Le complicanze sono:
 La fistola, l'ascesso, l'ostruzione e la peritonite da perforazione. L'intestino, la vescica urinaria, la cute, il pavimento pelvico e la vagina sono le aree interessate dalla malattia fistolosa della diverticolite. La più comune è la fistola colovescicale (dal colon alla vescica urinaria), riscontrabile quasi esclusivamente ne­gli uomini e dopo l'isterectomia nelle donne. La pneumaturia è segno patognomonico di questa fistola. Un altro elemento rivelatore di questa patologia sono le infezioni ricorrenti nel tratto urinario, riconducibili a molteplici microrganismi.

È di solito difficile dimostrare il tragitto fistoloso.  Il riflusso del contrasto attraverso la fistola per mezzo di un clistere o di una cistografia conferma la diagnosi, ma tale riflusso è visibile in una piccola percen­tuale di pazienti. La fistola colovescicale rappresenta una forte indicazione alla correzione chirurgica. Le fistole colovaginali si verificano quasi esclusivamente in donne con precedente isterectomia. Una diagnosi differenziale comprende la malattia di Crohn, una precedente irradiazione pelvica, una pregressa chirurgia ginecologica e l'ascesso pelvico da qualunque causa. Si sospetta la diagnosi nel decorso iniziale (diverticolite recente) a causa della presenza di sintomi vaginali: l'emissione vaginale, la vaginite intensa, le flatulenze vaginali e perdite fecaloidi (patognomoniche). L'identificazione della fistola può essere difficile. Il clistere di bario, il carbone per os, la vaginografia, la vaginoscopia combinata con la colonscopia sono diversi mezzi che vengono usati per cercare di localizzare la fistola. Il trattamento di una fistola colovaginale è una resezione chirurgica della sezione malata dell'intestino.

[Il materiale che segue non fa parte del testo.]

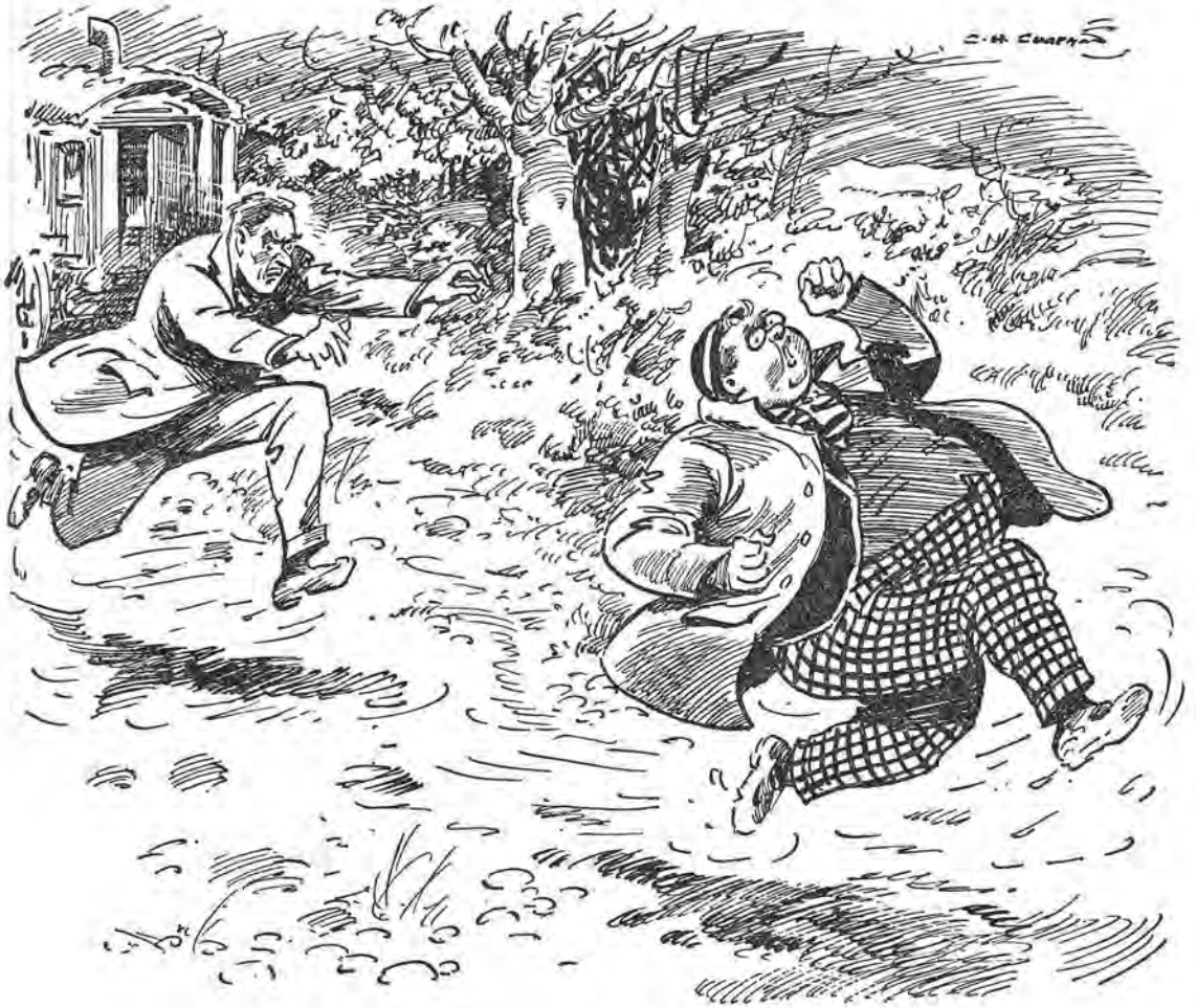
He charged after Bunter

not bear thinking of. Bunter bounded up and ran. He heard an angry roar behind him, which spurred him on. Seldom or never, in his fat career, had Billy Bunter put on such speed. For once, if for once only, Billy Bunter looked as if he would have quite a good chance for the School 100-yards. An angry caravanner, standing on one leg, holding a painful shin, glared after him from the van, as he vanished into the snowy distance. For some moments, he rubbed that painful shin. Then he leaped from the van, and charged after Bunter, and the expression on his face as he charged was positively ferocious.

Le stenosi da diverticolite

I segni di una stenosi che indicano come causa la diverticolite sono la presenza dei diverticoli nella regione della stenosi del colon, l'impressione che una massa extraluminale contribuisca alla stenosi e l'immagine di uno stravaso intramurale o extraluminale di contrasto. La lunghezza della stenosi è utile perché le stenosi diverticolari sono in genere più lunghe di quelle maligne. Laddove una stenosi maligna è generalmente < 3 cm di lunghezza ed è associata con margini irregolari a entrambe le estremità, la stenosi diverticolare è più lunga, 3-6 cm, con contorni più lisci. Le stenosi molto lunghe, 6-10 cm, sono più probabilmente dovute al morbo di Crohn o all'ischemia. Talvolta la localizzazione della stenosi aiuta a riconoscere la sua causa. Per esem­pio, la flessura splenica è un sito insolito per la diverticolite ma comune per l'ischemia.

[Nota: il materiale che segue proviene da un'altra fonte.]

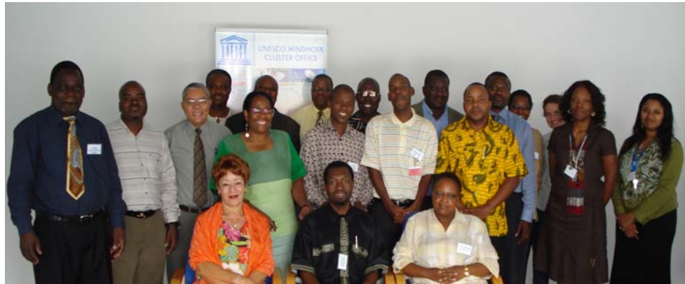
UNESCO Windhoek Cluster team ( Office and National Commissions from all five countries) during the Cluster Consultation which was followed by the Office Retreat

After ice breakers and the singing of the Cluster Office Anthem, the retreat started with group and individual needs assessments that inspired the discussion sessions on the last day. Topics that were handled were: Funding and Contracts; How the Office can reduce the workload without losing impact; the C-ports were revisited and C-ports specific behaviors were identified.

Complicanze extraintestinali associate alla malattia infiammatoria dell'intestino

L'artrite e il pioderma gangrenoso sono stati descritti in tre pazienti da Klein e collaboratori. La resezione del colon danneggiato è stata efficace nell'eliminare questi problemi in tutti i pazienti. In origine sono stati tutti diagnosticati in modo scorretto come affetti da malattia infiammatoria dell'intestino. È stata descritta la complicanza ortopedica di dolore alla gamba, associata qualche volta con ascesso alla coscia o con enfisema alla gamba, riconducibili alla perforazione retro peritoneale da diverticolite. Il 70% della mortalità per questa complicanza porta a morte. Il trattamento deve prevedere la deviazione fecale e un ampio sbrigliamento chirurgico, come pure la somministrazione di antibiotici a largo spettro. C'è un'associazione tra la diverticolosi e la malattia renale. I pazienti che hanno subito un trapianto del rene, in emodialisi cronica o dialisi peritoneale o che hanno una malattia renale policistica sono molto più soggetti a complicanze di diverticolite che mettono in pericolo di vita. L'immunosoppressione è parte in causa in questa complicanza. Nei pazienti in cui vengono presi in considerazione il trapianto del rene o la dialisi peritoneale ambulatoriale continua (CAPD), la resezione chirurgica del colon doveva essere eseguita prima in considerazione del precedente episodio di diverticolite sintomatica.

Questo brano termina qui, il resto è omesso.